What a frigging kick in the nuttz. Anyone have any ideas? Running XP Pro x64. Rig one in sig. Ati Hd4350. Just installed loopback today. It gave me crap so I uninstalled it but the client was running fine after a restart.

Good thing I've got another rig coming up with 2 nvidia cards coming in.

**Edit** Deleted all files but client.cfg and my log. Grabbed 6.23 of the site and reinstalled. Client seems to be running fine.

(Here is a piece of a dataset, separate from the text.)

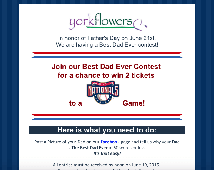 To draw attention to the shop’s selection of fruit and gourmet baskets, plants and balloons, York Flowers is hosting a “Best Dad Ever” contest for the chance to win two tickets to a Washington Nationals game. To enter, fans have to post a photo of their father with a short description (60 words or less) of why he’s no. 1. The winner, not selected at press time, got to choose the game. Owner Ken Denaburg said tickets were typically available for $11.

Only time will let me know on this.

ChasR
12-08-09, 04:23 PM
Do the standard stuff.
reboot: fixes the problem a good percentage of the time.
reduce flush interval: the 4350 can't handle large flush intervals.
uninstall and reinstall the driver: usually fixes the problem.

AmbientFiction
12-08-09, 04:26 PM
Do the standard stuff.
reboot: fixes the problem a good percentage of the time.
reduce flush interval: the 4350 can't handle large flush intervals.
uninstall and reinstall the driver: usually fixes the problem.

Is 128 too high of a flush interval?

Running the following vars:
BROOK_YIELD=2
CAL_NO_FLUSH=1
CAL_PRE_FLUSH=1
FLUSH_INTERVAL=128

See anything I need to change?

**Edit** Correction this is my 4650 my bad.

ChasR
12-08-09, 06:20 PM
128 might be too high for the 4350. Not sure about the 4650. HD3850 runs at 128, HD 4870 runs at 192.

Bobnova
12-08-09, 10:32 PM
If your GPU doesn't have heatsinks on the memory i strongly suggest putting them on, it may or may not have anything to do with what you have going on now (probably not), but i got the same error constantly before sinking my gpu's ram.

EDIT:
Plus i got an extra 300mhz ram speed :beer:

AmbientFiction
12-08-09, 11:49 PM
Yeah I know I have so many projects to do. It will all come with time. Also when I get in the 8800 GTX Jester220 is sending me I should have some ramsinks. I've also got a lot of old heatsinks. I'm sure a hack saw would make some quick sinks.

I just modded an ASKA Silver Mtn to fit a socket 939 x2. I'm gonna test it out to see if it is boss enough to cool off that 3800x2. I feel it should be and the size is perfect. I'll let you know how it goes. 1.2lbs of copper coated in silver w/92mm fan on it.